GO is an Open Source programming language also known as Golang or GO language. It was developed by Google Engineers. errors.New and fmt.Errorf are the two methods used in GO to generate errors. These two methods are not sufficient to capture or report what exactly happened in the program. To tackle this and get more functionalities we can implement the standard library interface, error.
 

Syntax: 

type error interface {
   Error() string
}

 

This error interface contains a single Error() method which returns the message of an error in the form of a String. By implementing this method we can generate an error of our own type.

 

Example:

package main


import (
"fmt"
"os"
)


type MyError struct{}


func (m *MyError) Error() string {
return "boom"
}


func sayHello() (string, error) {
return "", &MyError{}
}


func main() {
s, err := sayHello()
if err != nil {
fmt.Println("unexpected error: err:", err)
os.Exit(1)
}
fmt.Println("The string:", s)
}

 

Output:

unexpected error: err: boom
exit status 1

Collecting Detailed Information in a Custom Error

Mostly, custom errors are the best way to generate detailed information about the errors in the programs. 

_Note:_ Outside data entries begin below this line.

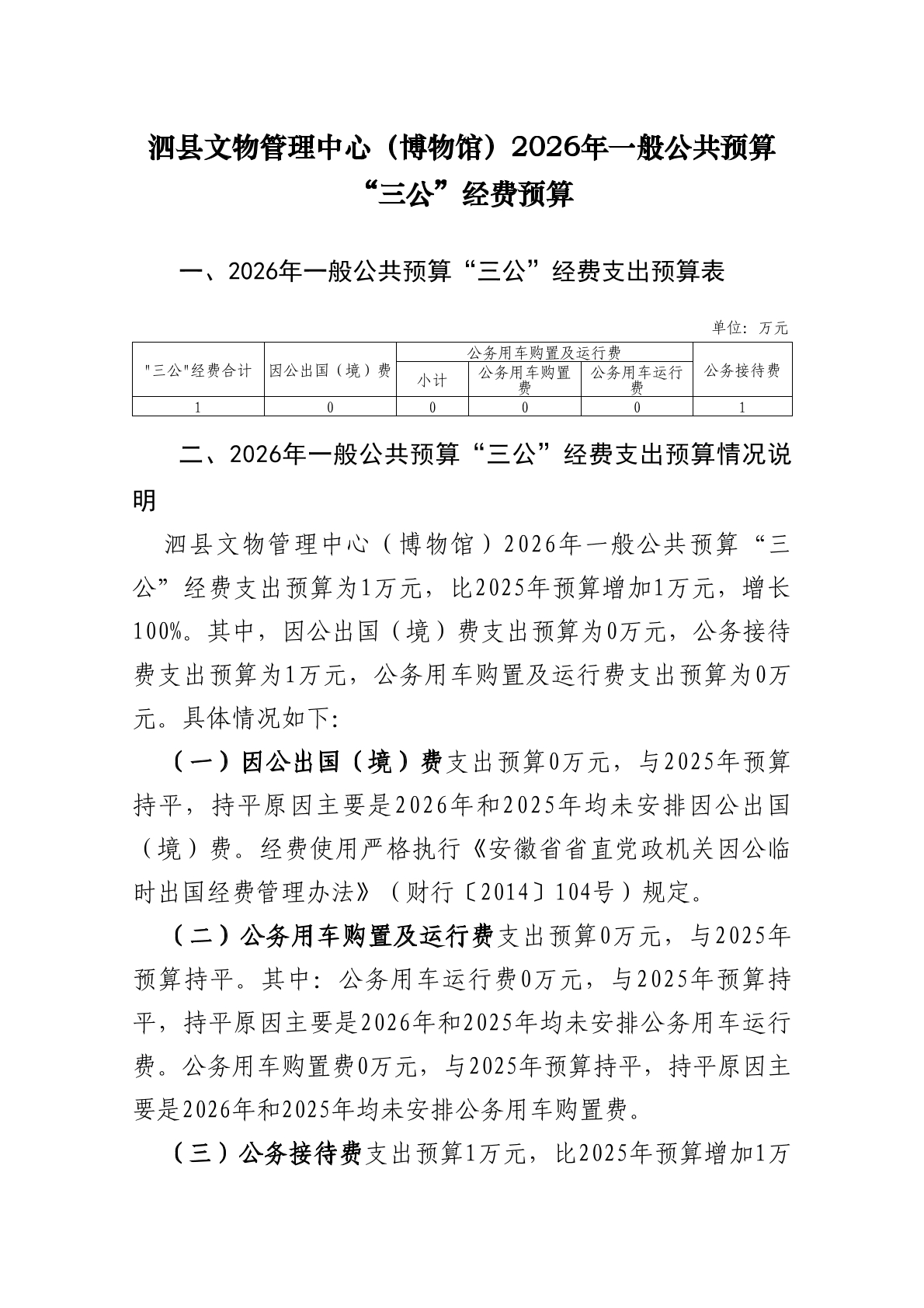 泗县文物管理中心(博物馆)2026年度单位一般公共预算财政拨款“三公”经费预算情况说明 |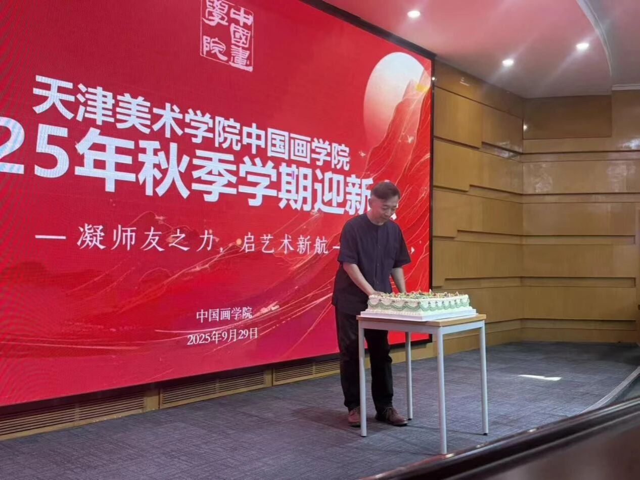 迎新会尾声,中国画学院副院长赵栗晖教授代表学院为新生切蛋糕送祝福。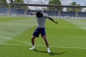 体育资讯5月31日讯 今日美媒TrendingSportsPodcast晒出雷霆球星亚历山大踢足球的片段,其中后者骗过好友维尼修斯把球罚进后模仿了C罗的SIUUU庆祝动作,并模仿了哈登的撒盐手势。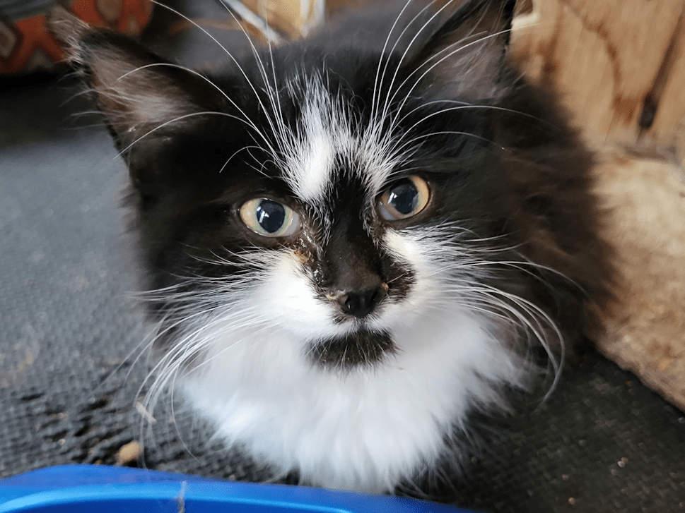 You can see the cloudiness in the kitten’s left eye in this photo.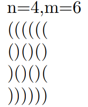 fo(i,1,n){fo(j,1,m)putchar('(');putchar('\n');}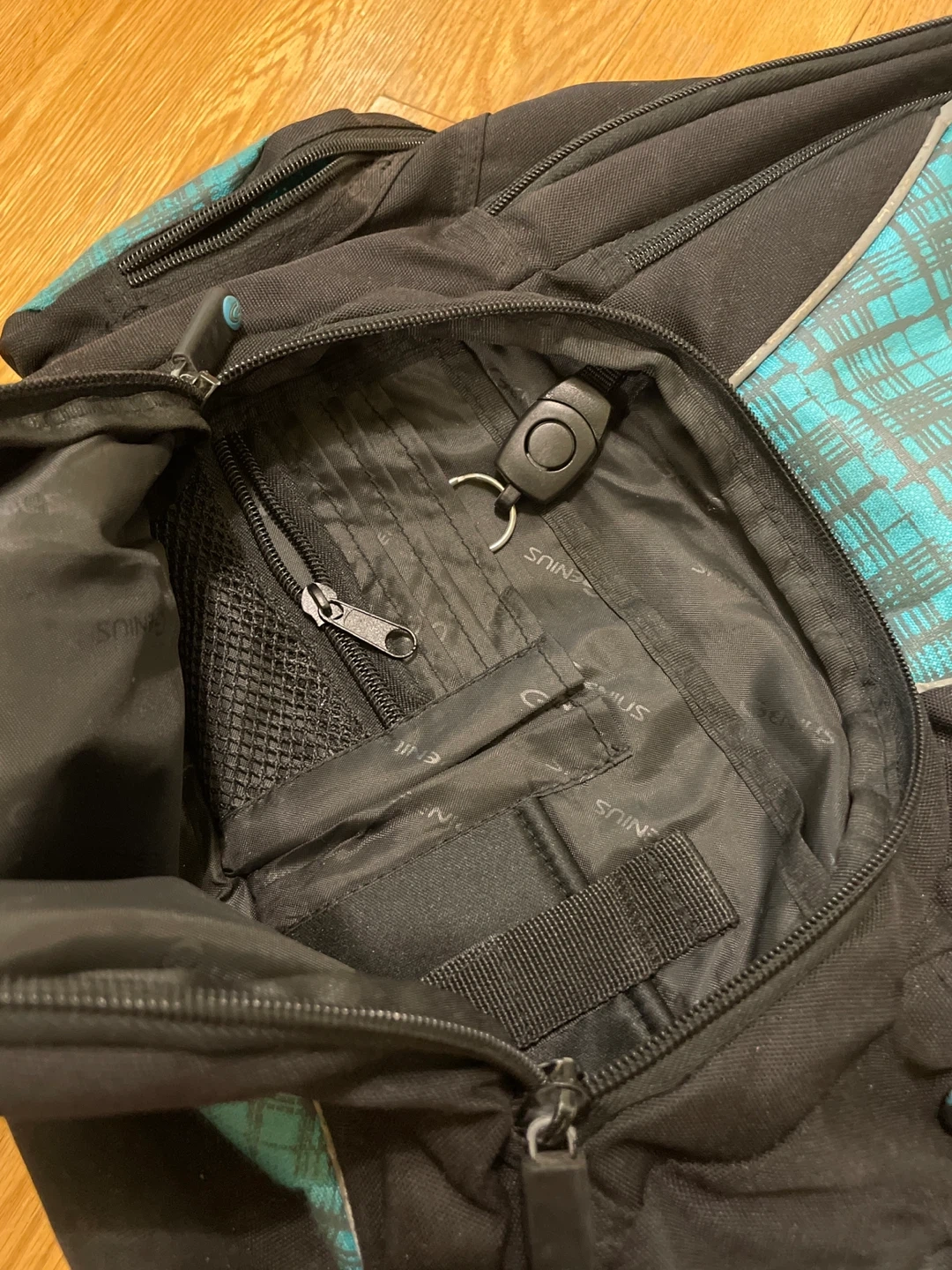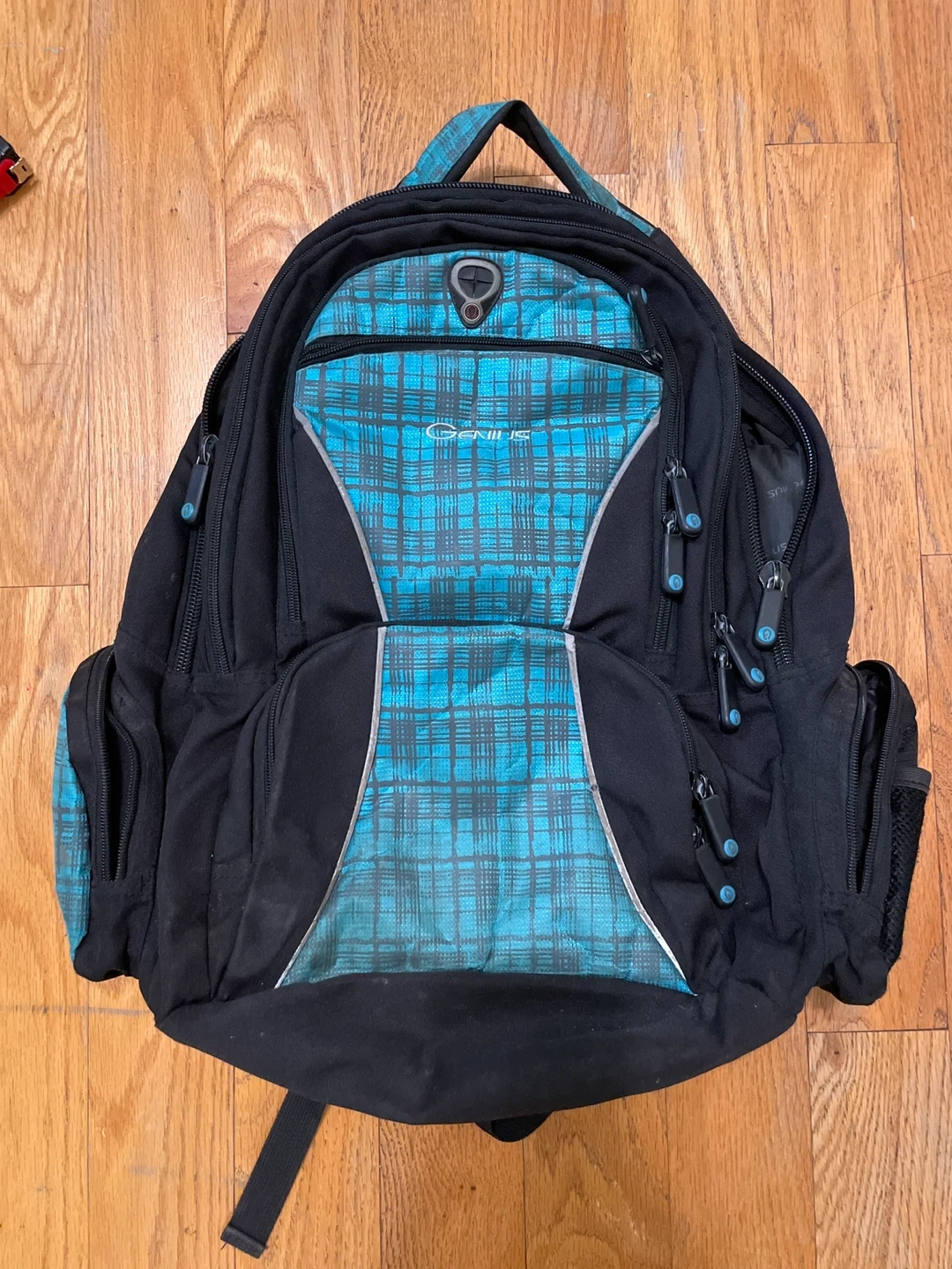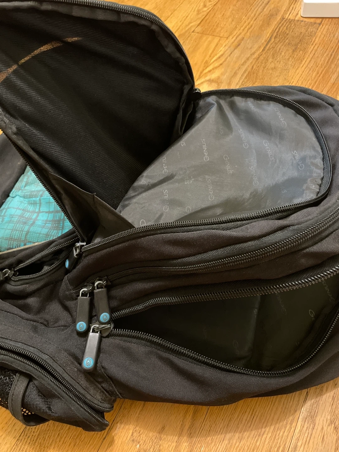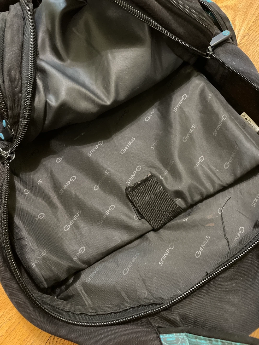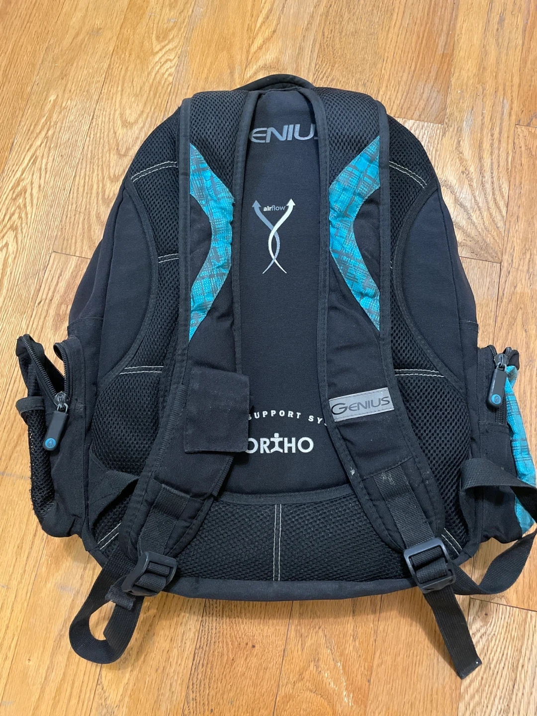 138A Genius backpack in black with turquoise accents! It has many compartments (8 including the one on the strap) for organizing your things. The interior lining has the Genius logo printed all over. It's in relatively good condition and ready for a new home! The laptop compartment can fit a 16 inch laptop max. Cash only.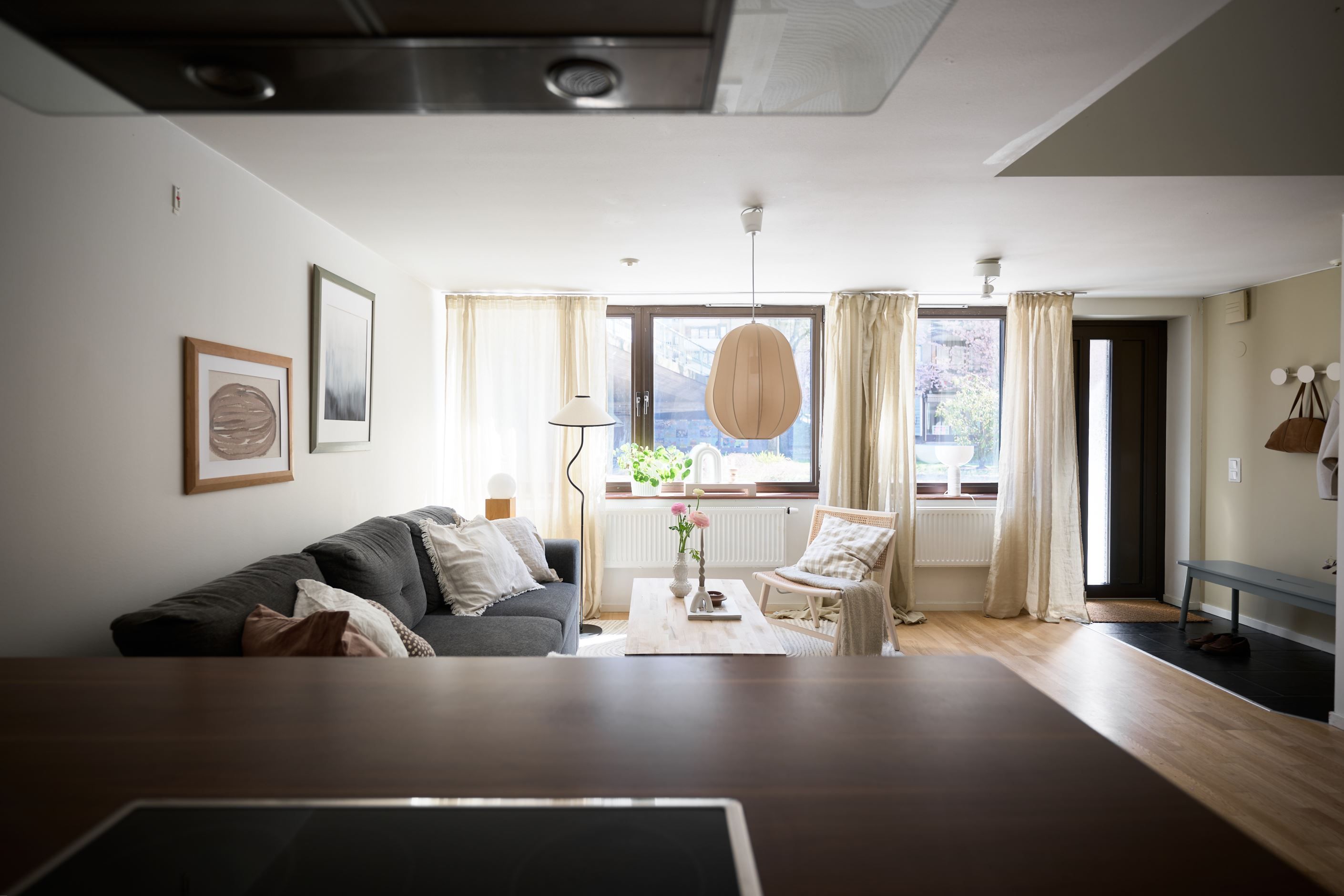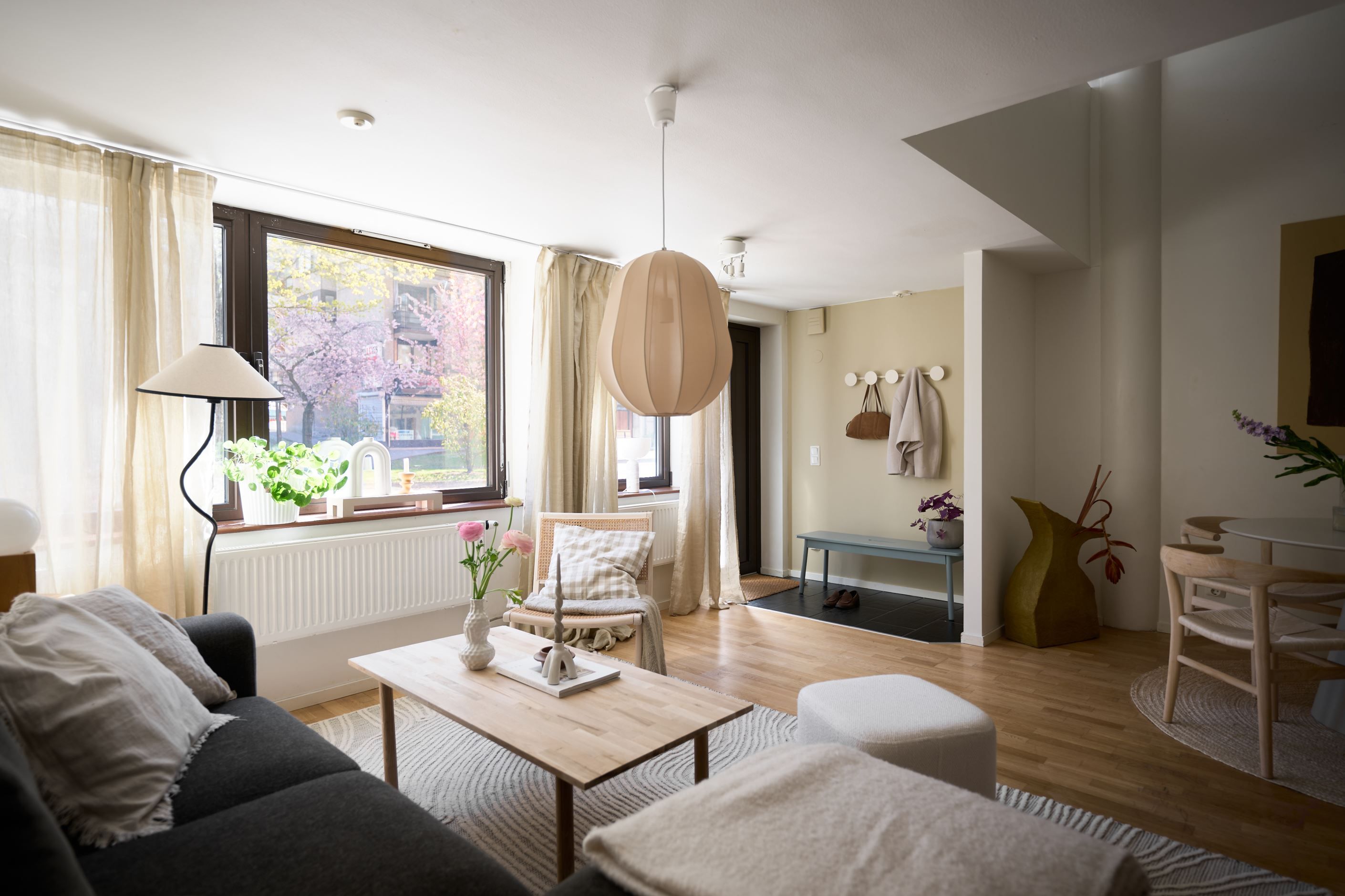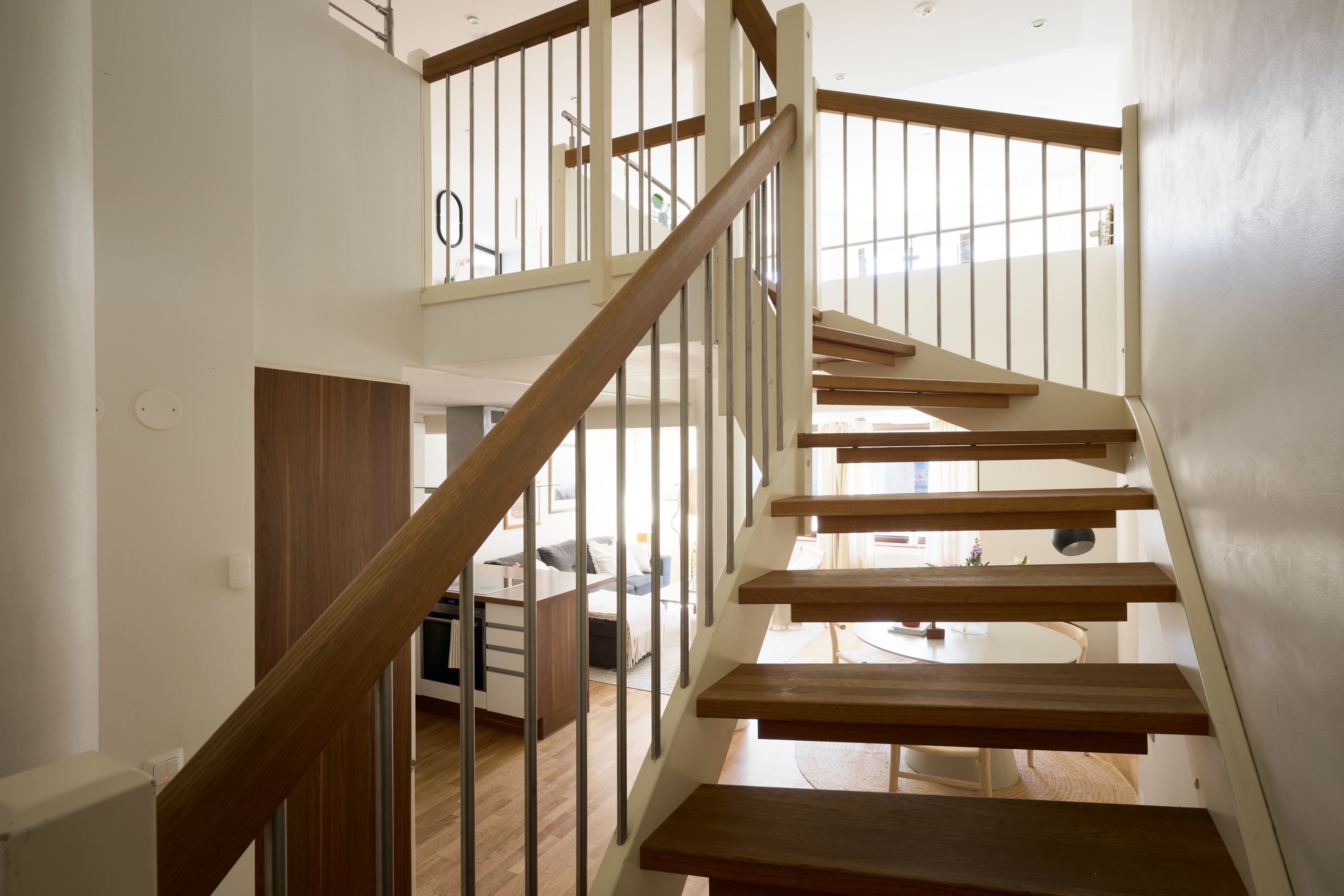 Nu har du chansen att förvärva en unik etage-tvåa med egen ingång – ett hem som kombinerar modern design med en genomtänkt och social planlösning. Här möts du av ljusa ytor, stilrena materialval och en luftig känsla tack vare den öppna dispositionen och den generösa takhöjden.

Let us understand this with an example. We will try to capture the status code of the error produced by an HTTP request.

 

Example:

package main


import (
"errors"
"fmt"
"os"
)


type RequestError struct {
StatusCode int


Err error
}


func (r *RequestError) Error() string {
return fmt.Sprintf("status %d: err %v", r.StatusCode, r.Err)
}


func doRequest() error {
return &RequestError{
StatusCode: 503,
Err:        errors.New("unavailable"),
}
}


func main() {
err := doRequest()
if err != nil {
fmt.Println(err)
os.Exit(1)
}
fmt.Println("success!")
}

Output:

status 503: err unavailable
exit status 1

We created a new instance of the RequestError struct. We provided the status code and the error to this instance using the errors.New function. Then using the fmt.Println, we printed the error as done in the previous example.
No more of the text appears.